++++ RECORDS SUPPLIED
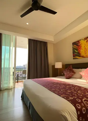 Experience the space and comfort of our 46m² Executive Family Studio Suite, ideal for up to four adults. It features an extra-large double bed, a cosy sofa bed, and a kitchen with an oven. Additional cooking facilities are available for rental. Enjoy air conditioning, a flat-screen TV, free WiFi, and a well-appointed bathroom. Step onto your private balcony or terrace for stunning city or sea views. A perfect retreat for a memorable Langkawi getaway.
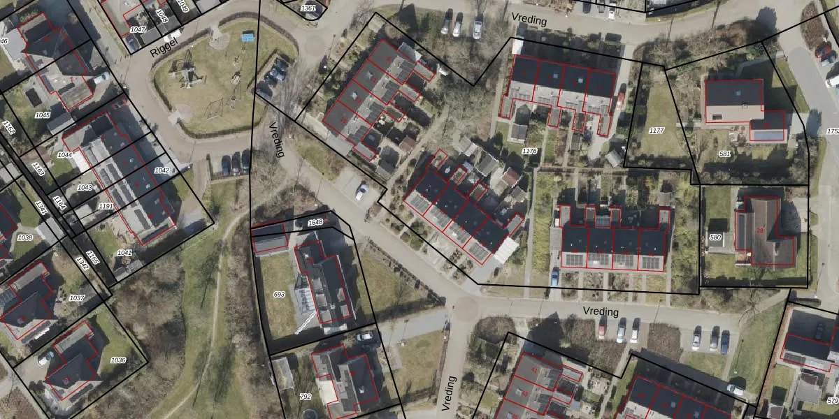 Het perceel waarop Vreding 17 staat heeft een oppervlakte van 4036 m². Dit is een zeer groot perceel. De perceeloppervlakte wordt geregistreerd door het Kadaster. Gedetailleerde informatie over de maten van dit perceel kunt u vinden in het rapport Kadastrale kaart met maatvoering van Vreding 17.
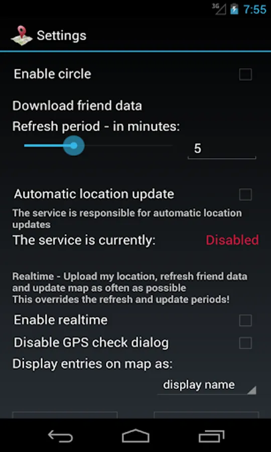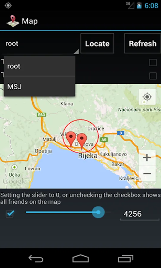 The map section allows you to limit the number of friends being displayed by the range you specify, shown by a circle around your location, or you can choose to show all friends, no matter the range.
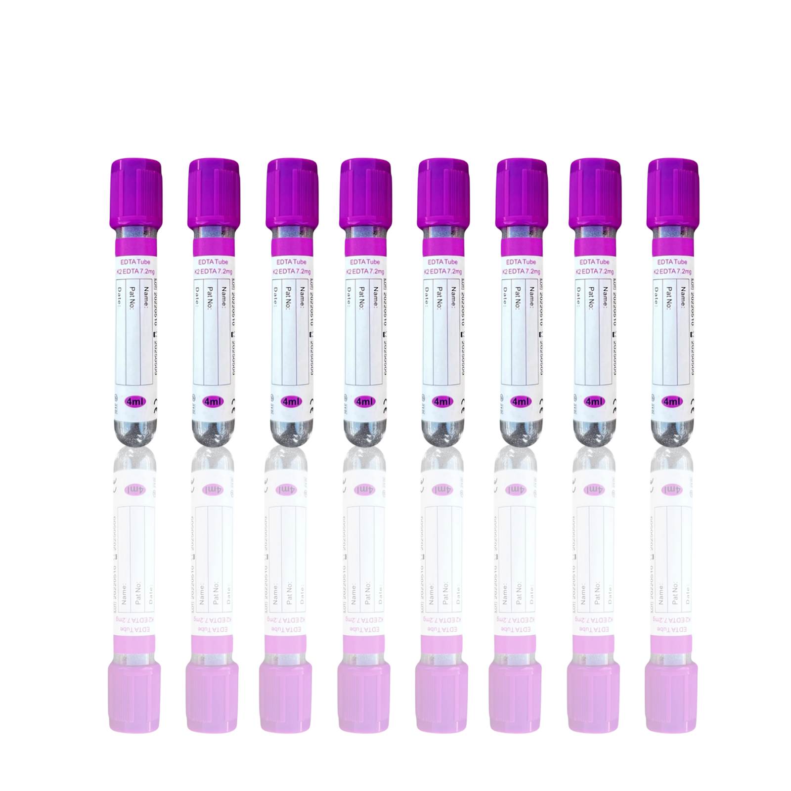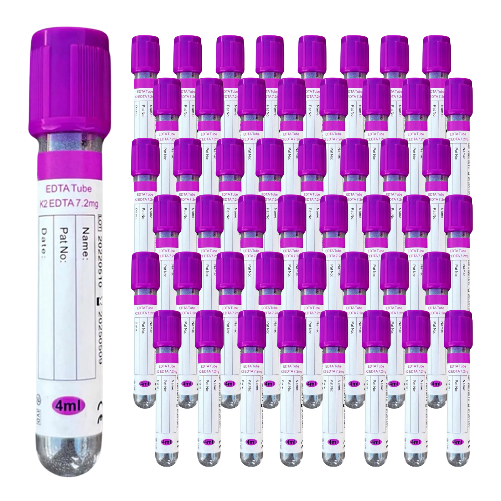 This 4 mL Vacuum Blood Collection Tube contains K2 EDTA (dipotassium ethylenediaminetetraacetic acid) as an anticoagulant, used primarily for hematology testing. The EDTA binds calcium in the blood, preventing clotting and preserving cell morphology. The purple (lavender) cap is universally recognized for blood cell analysis in clinical laboratories.
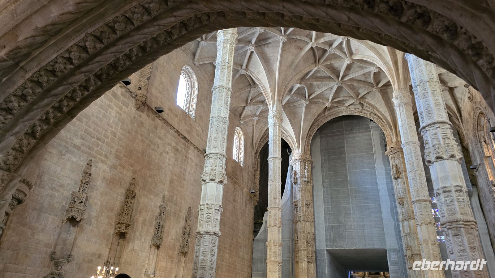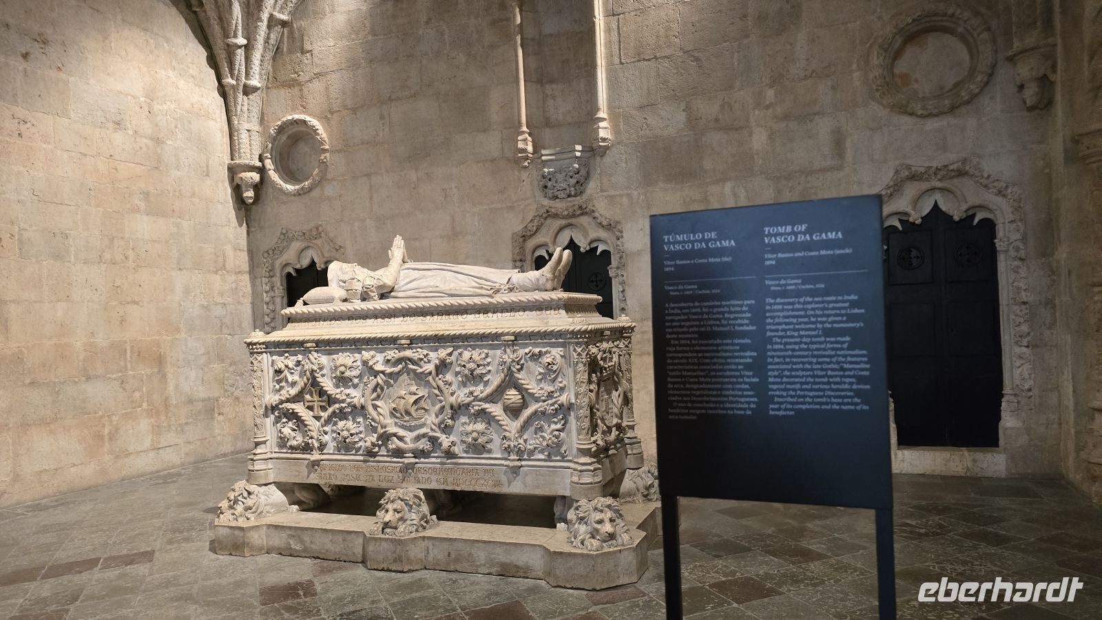 das wollen wir natürlich sehen. Am Park steigen wir aus und sofort nimmt uns dieser einzigartige Gebäudekomplex gefangen. Unter Manuel I. wurde es erbaut und der manuelinsche Baustil prägt das Bauwerk. Unglaublich reich verziert zieht es uns in seinen Bann. Als eines der wenigen Bauwerke hat dieses das verheerende Erdbeben und die darauf folgende Flutwelle 1755 überlebt, das wird auch auf den speziellen Baustil zurückgeführt. Zunächst aber ist Zeit für eine Mittagspause. Wer möchte stärkt sich oder besucht den Park am Präsidentenpalast. Am Bus treffen wir uns, Luis und ich hatten natürlich die berühmten Pasteten für alle gekauft und die galt es nun, zu verkosten, mit Zimt und Zucker, wer möchte. Als 1834 die religiösen Orden aufgelöst wurden mußten auch die Mönche hier das Kloster verlassen. Der Bäcker des Klosters eröffnete 3 Jahre später in Sichtweite des Klosters eine Konditorei, die heute noch existiert. Er kreierte hier die Pasteten, die nun zu Lissabon gehören wie die Kathedrale und der Tejo- die Pasteis de Belem. Dann geht es zum Kloster, tapfer ertragen wir die Sonne und ihre 30°C und stellen uns an, leider umsonst, unsere Tickets werden nicht anerkannt, also bleibt nur der Blick in die Kirche des Klosters. Wir besuchen die Grabstätte von Vasco da Gama und Fernando Pessoa, einem berühmten Dichter Portugals, durch die Sanierungsarbeiten ist leider vieles abgesperrt, aber ein Blick auf den Altar ist möglich. Dann spazieren wir zum
++++++++
PROBLEM DESCRIPTION: Return the entries above in full and unchanged, omitting every image.

OUTPUT BELOW:
 Experience the space and comfort of our 46m² Executive Family Studio Suite, ideal for up to four adults. It features an extra-large double bed, a cosy sofa bed, and a kitchen with an oven. Additional cooking facilities are available for rental. Enjoy air conditioning, a flat-screen TV, free WiFi, and a well-appointed bathroom. Step onto your private balcony or terrace for stunning city or sea views. A perfect retreat for a memorable Langkawi getaway.
 Het perceel waarop Vreding 17 staat heeft een oppervlakte van 4036 m². Dit is een zeer groot perceel. De perceeloppervlakte wordt geregistreerd door het Kadaster. Gedetailleerde informatie over de maten van dit perceel kunt u vinden in het rapport Kadastrale kaart met maatvoering van Vreding 17.
 The map section allows you to limit the number of friends being displayed by the range you specify, shown by a circle around your location, or you can choose to show all friends, no matter the range.
 This 4 mL Vacuum Blood Collection Tube contains K2 EDTA (dipotassium ethylenediaminetetraacetic acid) as an anticoagulant, used primarily for hematology testing. The EDTA binds calcium in the blood, preventing clotting and preserving cell morphology. The purple (lavender) cap is universally recognized for blood cell analysis in clinical laboratories.
 das wollen wir natürlich sehen. Am Park steigen wir aus und sofort nimmt uns dieser einzigartige Gebäudekomplex gefangen. Unter Manuel I. wurde es erbaut und der manuelinsche Baustil prägt das Bauwerk. Unglaublich reich verziert zieht es uns in seinen Bann. Als eines der wenigen Bauwerke hat dieses das verheerende Erdbeben und die darauf folgende Flutwelle 1755 überlebt, das wird auch auf den speziellen Baustil zurückgeführt. Zunächst aber ist Zeit für eine Mittagspause. Wer möchte stärkt sich oder besucht den Park am Präsidentenpalast. Am Bus treffen wir uns, Luis und ich hatten natürlich die berühmten Pasteten für alle gekauft und die galt es nun, zu verkosten, mit Zimt und Zucker, wer möchte. Als 1834 die religiösen Orden aufgelöst wurden mußten auch die Mönche hier das Kloster verlassen. Der Bäcker des Klosters eröffnete 3 Jahre später in Sichtweite des Klosters eine Konditorei, die heute noch existiert. Er kreierte hier die Pasteten, die nun zu Lissabon gehören wie die Kathedrale und der Tejo- die Pasteis de Belem. Dann geht es zum Kloster, tapfer ertragen wir die Sonne und ihre 30°C und stellen uns an, leider umsonst, unsere Tickets werden nicht anerkannt, also bleibt nur der Blick in die Kirche des Klosters. Wir besuchen die Grabstätte von Vasco da Gama und Fernando Pessoa, einem berühmten Dichter Portugals, durch die Sanierungsarbeiten ist leider vieles abgesperrt, aber ein Blick auf den Altar ist möglich. Dann spazieren wir zum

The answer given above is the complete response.